Hey folks,
I don't post much on this thread, but I do lurl and glean info.
I was reading a copy of "The Poultry Tribune" from 1896 and ran across this article. Thought we may all enjoy it, as it is right in line with the topic of this thread...
Advice to Beginners.
Oliver L. Dosch, The Poultry Tribune, January 1896 page 120
From the multitudinous advice heaped upon the amateur one would conclude that poultry keeping was fraught with more failures, disappointments and calamities than any other occupation in which a man could engage.
No wonder the beginner is bewildered after reading all the different methods of mating, feeding young chicks, housing, fattening, feeding for eggs, running an incubator, brooding, feeding condition powders and giving medicines. It is enough to drive many prospective breeders from the ranks when he counts up the cost of the stock, the houses with concrete floors and plastered walls, the patent drinking fountains, pre· pared foods, grit, bone cutters, clover cutters, incubators and brooders, condition powders and the thousand and one necessary and unnecessary things which our poultry writers are constantly advising us to use.
We know of one writer who describes a house, which anyone can build; with full windows and cement floors, whose own fowls are housed in empty hog pens and pens made of fence rails. Others write on the beauties of a bone cutter who never fed a pound of cut bone to their chicks in their lives. Others write voluminously on the proper method of preparing cut clover whose whole stock, of information on the subject, bas been derived from the circular of a dealer in this article. While many others give us gratuitous information on batching with an incubator and raising broilers, who never have brought off a decent hatch with one of these patent hens.
Others there are, (may the Lord forgive them,) who endeavor to instruct the public by describing the standard requirements and best methods of mating varieties, when they have never owned or bred a bird of these varieties.

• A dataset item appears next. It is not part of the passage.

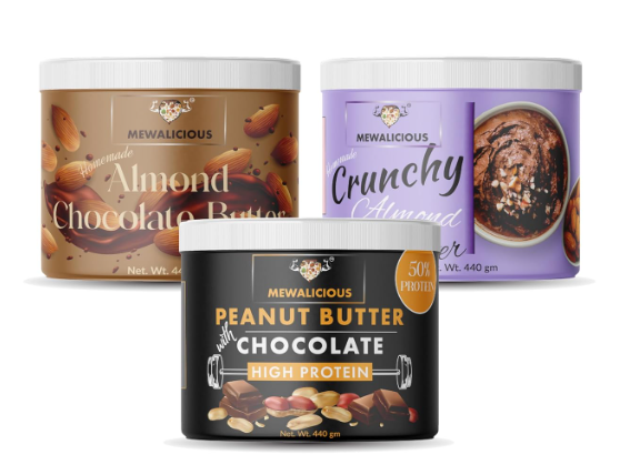 🥜 Mewalicious Nut Butter – Preservative Free (Pack of 3 x 400g Jars)

If this should reach the eye of anyone who has been contemplating purchasing some pure bred fowls, but is hesitating because he has not the bank account of a Gould, we would say to such a one, forget all the fine spun theories which you have been reading, buy a few fowls, even if you have nothing better to keep them in than a large dry goods box. Make the roof watertight, shut up any cracks with plastering lath, put in a roost and a pane of glass in the south side, and you have a house sufficiently good to keep the finest bird which ever wore a red card. Now feed them good, sound grain; wheat, corn and oats, give them plenty of pure water to drink and some gravel for teeth. But leave the powders and medicines until you reach the more affluent stage where you have money to waste and chickens to spare. Then buy them all, try them, discard the useless things and keep the good and you will be a poorer but wiser man.
When buying fowls, buy the very best you can get. The best are poor enough to found a flock upon. Buy a few; don't try to stock the farm the first year. House them in the warm and dry store box. Hatch your chicks with the much abused old hen. Raise the young chicks much as your grandmother did. Keep them free from lice and let them run. Let them roost in the trees until cold weather if they want to, and you will have much better birds to show for it than you would have if you had yarded your young stock and had used all these “necessary” inventions.
Pamper ,our young birds and you will have a lot of delicate fowls when they grow' up, but let the young birds grow up in the natural state, as free as the birds of the air, and your flock, when fully grown, will be strong, vigorous and profitable.
We are a plain, every day fancier and believe not in raising fowls in unnatural conditions. Free range, plain food, pure water, with a warm roosting place in winter, are the four essential things in poultry raising.
Condition powders and medicines have no place on our poultry farm. We believe in the survival of the fittest. If your flock is susceptible to every change of the weather, let the weak ones die and give place to the stronger. This is nature's plan and it is hard to improve upon.
We know that this doctrine is not received with much pleasure by many, but of what use is a sickly fowl? It won't lay, you can't raise good birds from it and it is not fit to eat.
The hatchet is our specific for most of the ills of our flock. It is a sure cure and a good preventive and as such we recommend it to our brother fancier.